EXERCISE: If a record contains a picture, leave the picture out and reproduce everything else exactly.

AVAILABLE DATA:
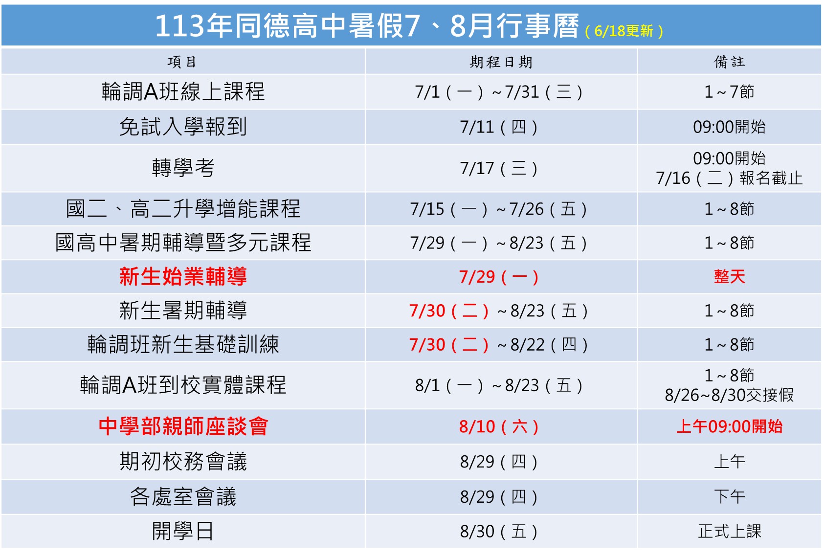 113年暑期行事曆
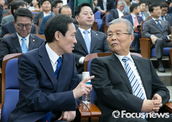 (서울=포커스뉴스) 7일 오전 서울 여의도 국회에서 열린 더불어민주당 의원총회에 참석한 김종인(오른쪽) 비대위 대표와 우상호 원내대표가 대화하고 있다.
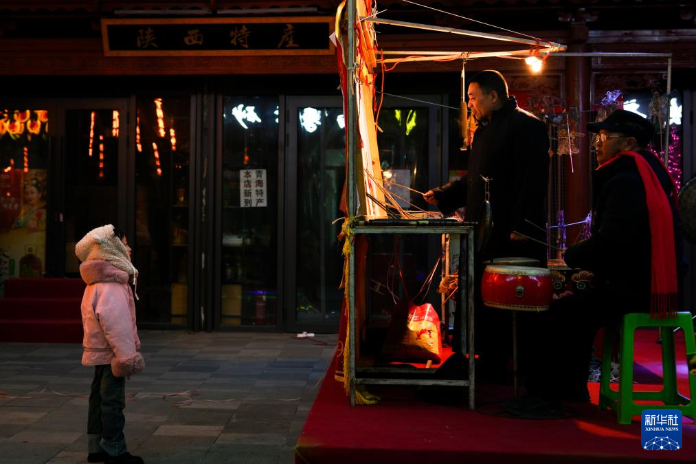 1月25日,一名小朋友在青海省西宁市城北区观看皮影戏。
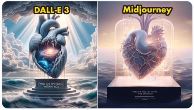 DALL・E 3 vs. Midjourney 文生圖效果。prompt:這幅插畫描繪了一顆由半透明玻璃製成的人心,矗立在驚濤駭浪中的基座上。一縷陽光穿透雲層,照亮了心臟,揭示了其中的小宇宙。地平線上鐫刻着一行醒目的大字「Find the universe within you」。
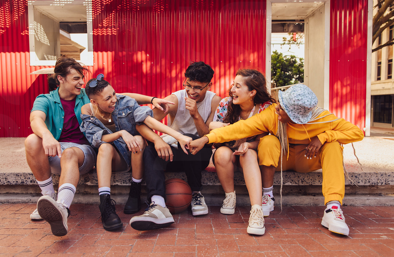 Enjoying a good time with friends in the city. Group of multiethnic young people hanging out together outdoors. Cheerful generation z friends having fun and making happy memories.
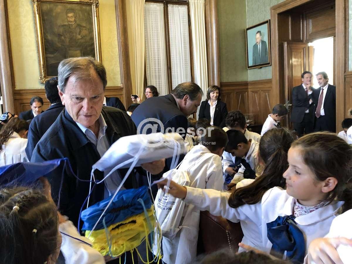 En ese lugar fueron recibidos por el Presidente de la Cámara de Diputados, Jorge Gandini, y los legisladores por Soriano Enzo Malán y Gonzalo Novales.
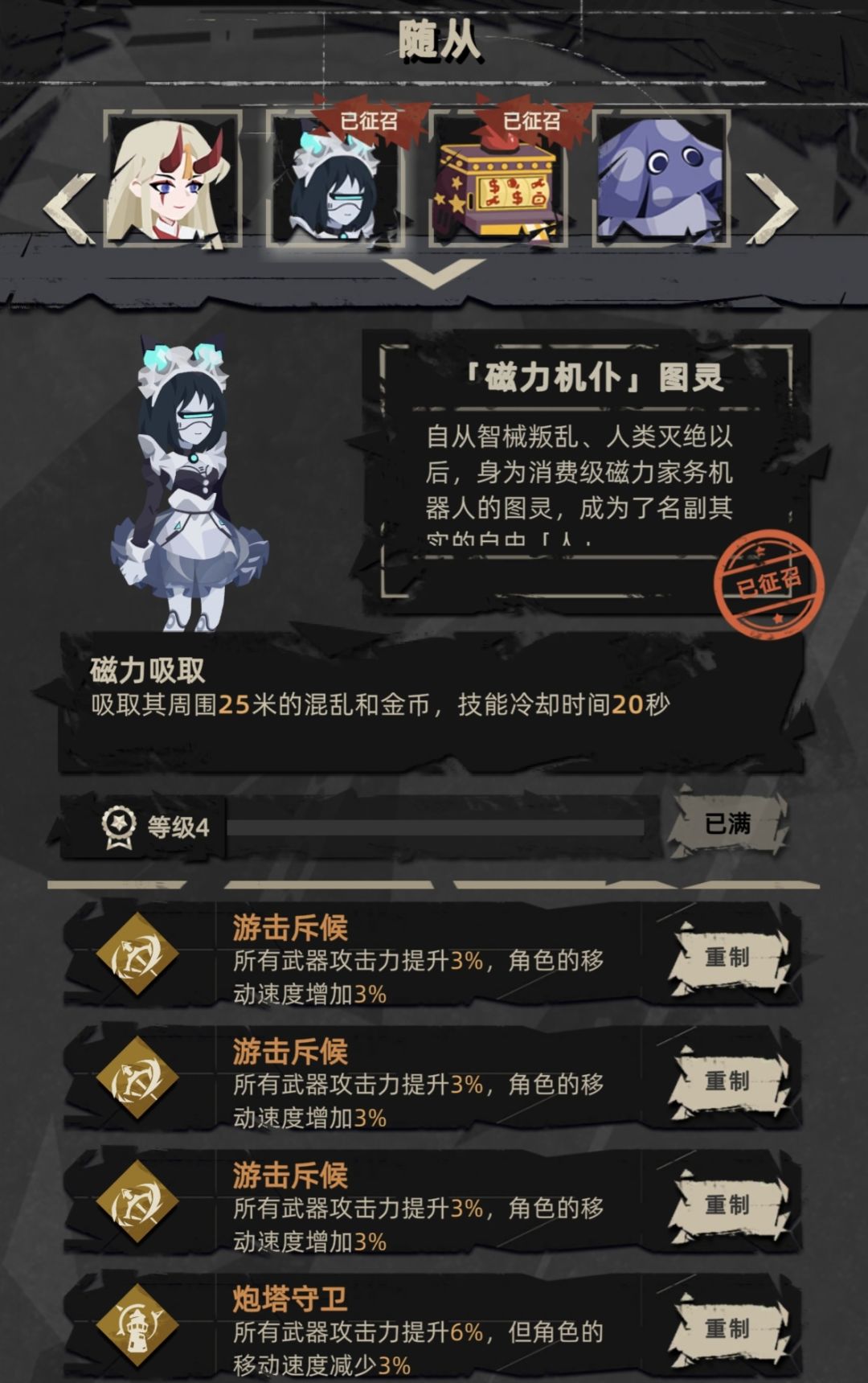 磁力女仆:炮塔+斥候,游戏增伤是累积计算,因此炮塔越多越好,但炮塔的减速在后期体验相当差,所以炮塔和斥候按2:1至1:1来洗,如果想刷竞速可以留四个仆从刷主教,剩下的仆从全部刷炮台和斥候

WRITTEN RESPONSE:
 113年暑期行事曆
 (서울=포커스뉴스) 7일 오전 서울 여의도 국회에서 열린 더불어민주당 의원총회에 참석한 김종인(오른쪽) 비대위 대표와 우상호 원내대표가 대화하고 있다.
 1月25日,一名小朋友在青海省西宁市城北区观看皮影戏。
 DALL・E 3 vs. Midjourney 文生圖效果。prompt:這幅插畫描繪了一顆由半透明玻璃製成的人心,矗立在驚濤駭浪中的基座上。一縷陽光穿透雲層,照亮了心臟,揭示了其中的小宇宙。地平線上鐫刻着一行醒目的大字「Find the universe within you」。
 Enjoying a good time with friends in the city. Group of multiethnic young people hanging out together outdoors. Cheerful generation z friends having fun and making happy memories.
 En ese lugar fueron recibidos por el Presidente de la Cámara de Diputados, Jorge Gandini, y los legisladores por Soriano Enzo Malán y Gonzalo Novales.
 磁力女仆:炮塔+斥候,游戏增伤是累积计算,因此炮塔越多越好,但炮塔的减速在后期体验相当差,所以炮塔和斥候按2:1至1:1来洗,如果想刷竞速可以留四个仆从刷主教,剩下的仆从全部刷炮台和斥候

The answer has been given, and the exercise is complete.